Colleges and universities aren’t sure what the future holds. Will they have kids in class, or will everything be online? How many students will come back to online classes, and how many will take a gap year… or two? And what about those sports?
Don’t forget that colleges make a pretty penny off of television rights for football and basketball. They’ve already missed March Madness, now the football season is in question. Then there’s the possibility of states slashing funding because they have their own revenue problems.
In addition to shaky revenues, the schools must put in place safety protocols for bringing back even some students and faculty.
To deal with it all, some universities are looking for a new source of cash… the bond market. With interest rates at record-low levels, schools can raise money that’s almost free. So far in 2020, universities have raised $11.4 billion in the bond market, which is twice what they raised in all of 2019.
The University of Virginia raised $600 million last month at a modest interest cost of just 2.256%, or less than what the best homeowner would pay for a 30-year mortgage.

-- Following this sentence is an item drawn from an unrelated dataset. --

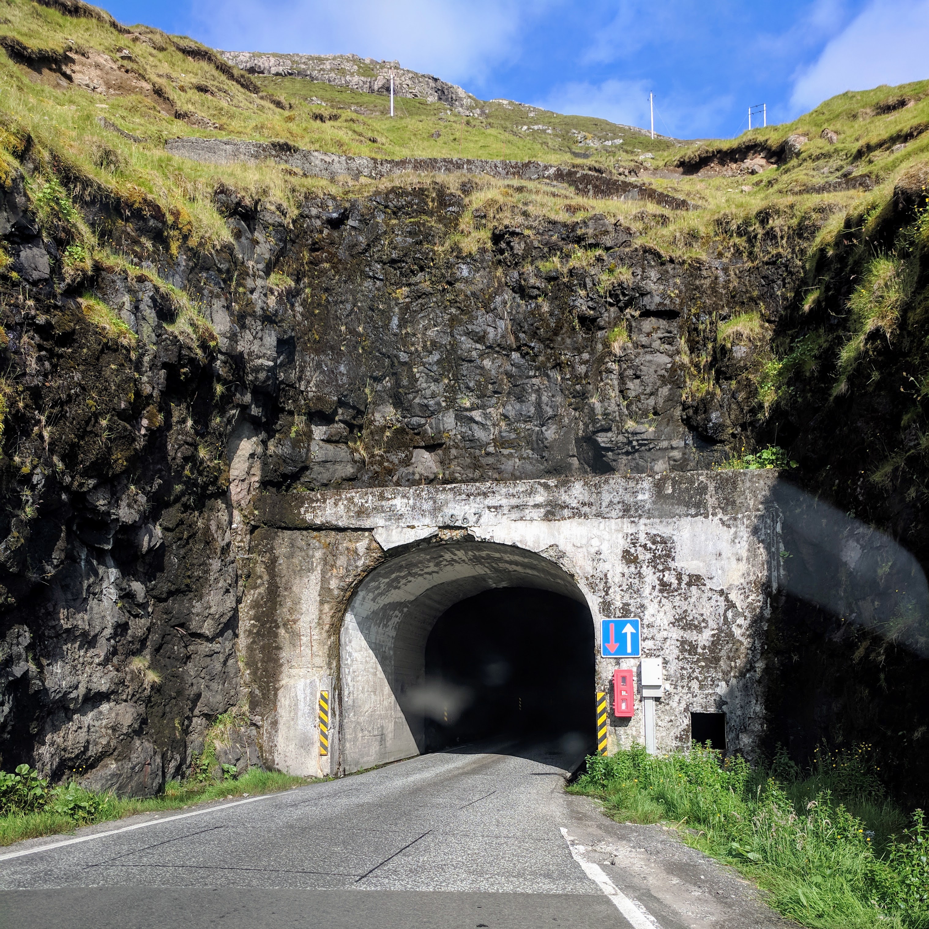 Our route from Streymoy to Borðoy took us through three mountain tunnels, past mountain valleys and fjords, and through an undersea tunnel. The tunnel connecting Leirvik to Klaksvik was 20,295 feet, making it the longest tunnel in the Faroe Islands. It felt like it took forever driving through that tunnel, especially as we kept going down, down, down…but just as we reached the bottom a burst of colored lights greeted us to light the way back up. The tunnels that terrified us were the two on Borðoy, which were cramped one-way tunnels built in the 1960s. These resembled old mining tunnels.

J.J. Davis, chief operating officer at the University of Virginia, said:
“At these rates, why wouldn’t you?”
Why not, indeed.
If you’re wondering how this makes sense, that universities losing students, tuition, television fees, and state funding can borrow so cheaply, you only have the Federal Reserve and yourself to thank. The central bank has taken over the bond markets and pushed rates to incredible lows, and now forecasts it will hold rates there for years. This helps borrowers, like universities, pick up cash on the cheap.
As for who pays, well, that’s all of us as savers. By holding rates artificially low through bond-buying programs, the Fed is essentially moving value from all of us, as savers, who would have earned higher rates, to borrowers, like the universities, which don’t have to pay as much as they would have if the Fed was not putting its thumb on the interest rate scales.